■ What needs to be done:
Retype only the lines below from the one with "Mid Century Button" to the one with "The script breakdown", inclusive, skipping every image.

■ Extracted records:
==*==

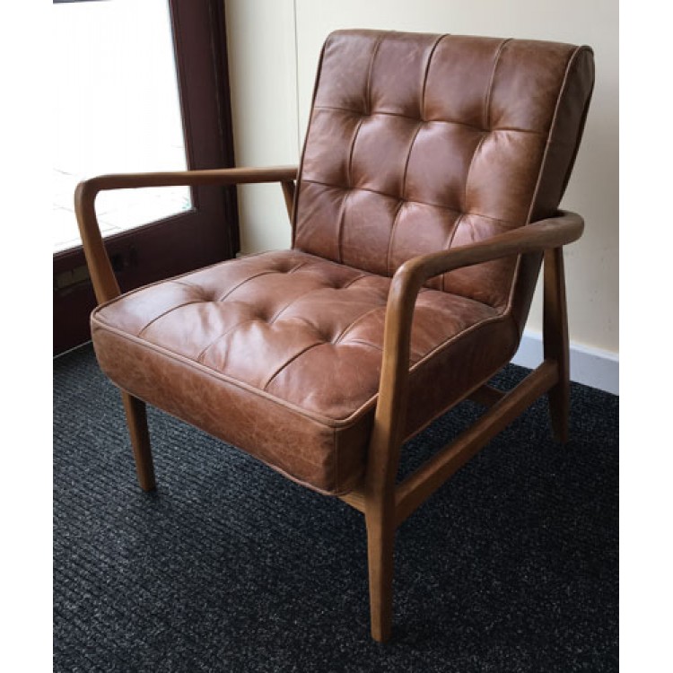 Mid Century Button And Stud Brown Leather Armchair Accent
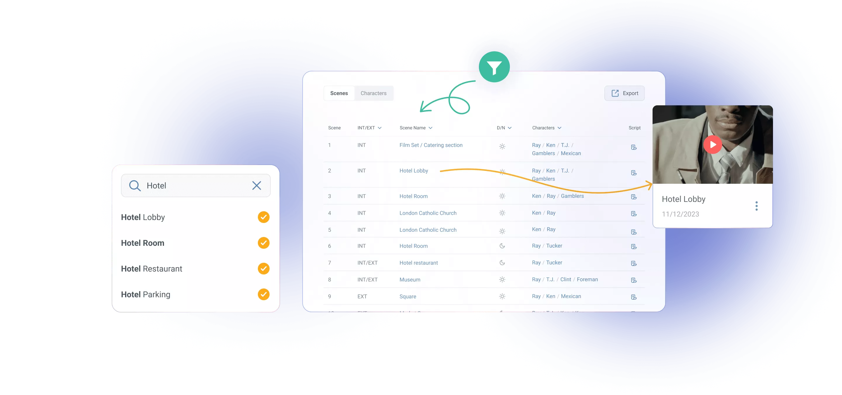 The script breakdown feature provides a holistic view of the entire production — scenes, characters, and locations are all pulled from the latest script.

==*==

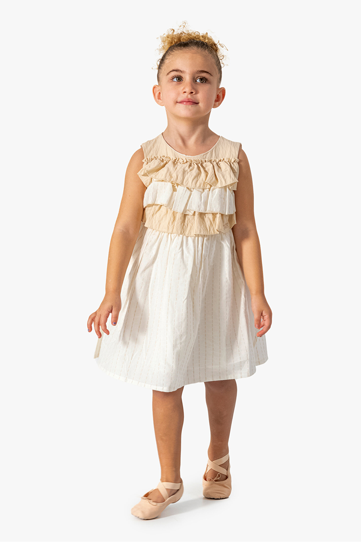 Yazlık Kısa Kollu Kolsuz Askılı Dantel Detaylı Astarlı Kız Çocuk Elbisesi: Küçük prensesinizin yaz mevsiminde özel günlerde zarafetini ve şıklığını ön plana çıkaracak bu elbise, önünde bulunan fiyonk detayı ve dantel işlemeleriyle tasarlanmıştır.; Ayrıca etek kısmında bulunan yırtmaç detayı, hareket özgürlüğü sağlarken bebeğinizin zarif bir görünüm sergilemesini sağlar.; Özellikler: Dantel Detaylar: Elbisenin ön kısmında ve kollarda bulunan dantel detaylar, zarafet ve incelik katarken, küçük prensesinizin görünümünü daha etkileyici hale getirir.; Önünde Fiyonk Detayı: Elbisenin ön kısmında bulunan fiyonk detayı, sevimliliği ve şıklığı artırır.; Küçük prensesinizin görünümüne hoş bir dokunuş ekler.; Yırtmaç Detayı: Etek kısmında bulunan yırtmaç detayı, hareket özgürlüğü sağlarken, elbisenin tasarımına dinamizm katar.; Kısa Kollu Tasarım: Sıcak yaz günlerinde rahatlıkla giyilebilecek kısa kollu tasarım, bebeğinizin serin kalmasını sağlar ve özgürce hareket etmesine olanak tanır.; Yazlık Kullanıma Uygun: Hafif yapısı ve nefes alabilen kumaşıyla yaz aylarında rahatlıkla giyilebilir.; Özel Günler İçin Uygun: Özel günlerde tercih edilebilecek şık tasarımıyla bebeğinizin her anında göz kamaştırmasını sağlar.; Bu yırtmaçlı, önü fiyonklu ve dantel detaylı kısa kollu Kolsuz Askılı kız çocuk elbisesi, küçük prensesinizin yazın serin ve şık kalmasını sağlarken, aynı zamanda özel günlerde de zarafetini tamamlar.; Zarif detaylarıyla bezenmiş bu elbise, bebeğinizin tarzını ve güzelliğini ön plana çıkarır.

==*==

■ Solution for this task:
 Mid Century Button And Stud Brown Leather Armchair Accent
 The script breakdown feature provides a holistic view of the entire production — scenes, characters, and locations are all pulled from the latest script.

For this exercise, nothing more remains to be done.